As discussed in a recent post, for the last few years power consumption has become one of the predominant issues in chip design, leading the industry down the path to multi-core processors and beyond. But clever architectural designs and sophisticated circuit techniques are only a few of a myriad of ways in dealing with the problem – how about improving the way chips are being cooled? This might seem at first like a band aid for power inefficient design, until the realization sets in that the industry is way past the point where a band aid might help and that already there are major problem with cooling chips; simply take a look at some of the monstrosities that can be found in desktop PCs and servers these days. Well, there might be some relief on the horizon, curtsey of Purdue University and their recent breakthrough in chip cooling. Using what the team refers to as ionic wind engines, the researchers were able to increase the heat-transfer coefficient by 250% percent when combined with a traditional fan. A higher heat-transfer coefficient indicates a more efficient cooling process, thus leading to a possible decrease in heat-sink and fan sizes that might be required to cool a particular component, which in turn might enable thinner electronic devices.

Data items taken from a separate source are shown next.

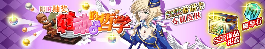 活动期间,消费一定的圣魔晶,赢取福利大奖,本次终极大奖为SSR英雄希琳卡限定皮肤「云中漫步」。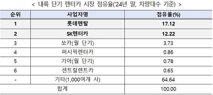 단기 렌터카 시장에서 롯데렌탈과 SK렌터카는 각각 1・2위 사업자 지위를 확고히 유지해 왔다. 양 사의 시장점유율 합계도 꾸준히 증가하는 추세로서, 2024년 말 기준 각각 내륙 29.3%, 제주 21.3%로 나타난다. 반면, 나머지 경쟁사들은 대부분 영세한 중소 사업자로서, 각각의 시장점유율은 미미한 수준이다.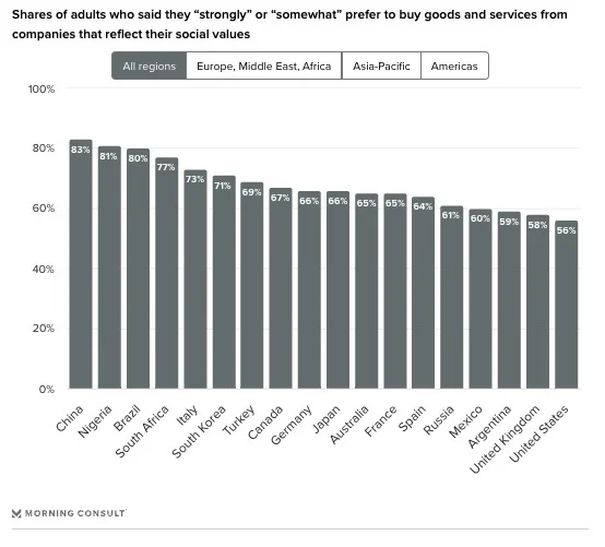The majority of adults globally prefer to buy from brands that reflect their social values. (Morning Consult)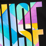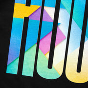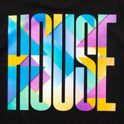 House Music All Night Long. The typography Higher House hoodie with retro triangle graphic fill. Large back print graphic with small front crest. Printed in-house by us on a unisex heavy-weight 100% Organic Cotton Hood (350gsm).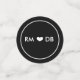 Romantic table confetti for wedding or engagement parties personalised with photos of the happy couple, and your initials with a heart in black and white.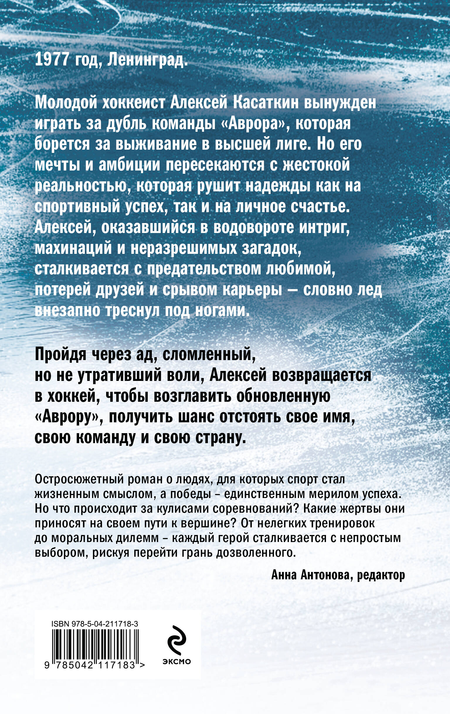 1977 год, Ленинград. Молодой хоккеист Алексей Касаткин вынужден играть за дубль команды «Аврора», которая борется за выживание в высшей лиге. Но его мечты и амбиции пересекаются с жестокой реальностью, которая рушит надежды как на спортивный успех, так и на личное счастье. Алексей, оказавшийся в водовороте интриг, махинаций и неразрешимых загадок, сталкивается с предательством любимой, потерей друзей и срывом карьеры - словно лед внезапно треснул под ногами. Пройдя через ад, сломленный, но не утративший воли Алексей возвращается в хоккей, чтобы возглавить обновлённую «Аврору», получить шанс отстоять своё имя, свою команду и свою страну. Книга, в которой переплетается спорт, любовь и детективная интрига, вызывает целый спектр эмоций - от грусти и гнева до надежды и вдохновения. Главному герою предстоит ответить на главный вопрос: насколько далеко может зайти человек, чтобы восстановить справедливость и вернуться к самому себе?

The key idea that leads to the vastly improved heat-transfer coefficient lies in the research team’s ability to increase the airflow at the surface of the chip, which is where the ionic wind engines come into play. These engines are created through closely spaced electrodes near the chip surface. When voltage is applied, electrically charge atoms, or ions, travel between the negatively charged electrode and the positively charged electrode. However, on their journey they encounter positively charged air particles, and become positively charged atoms themselves. Instead of continuing their journey the positively charged atoms do a u-turn so to say and proceed back to the negative electrode, thus completing the ionic wind engine. The oppositely charged electrodes are not placed next to each other as one might initially assume, but rather are placed vertically on top of each other with a fixed spacing in-between. This minimizes the no-slip effect that is caused when air flows over an object, by ensuring that the molecules closest to the surface of the object don’t remain stationary. In other words, the ionic wind engines ensure there is a good molecule circulation away from the chip surface, where it is needed most – which is not the case with traditional air-based cooling.
There is still plenty of work that needs to be done and commercial applications are not expected for at least another three years by which time the team hopes to have the technology working reliably at the micron scale. Nevertheless, some cooling relief seems to be on the horizon.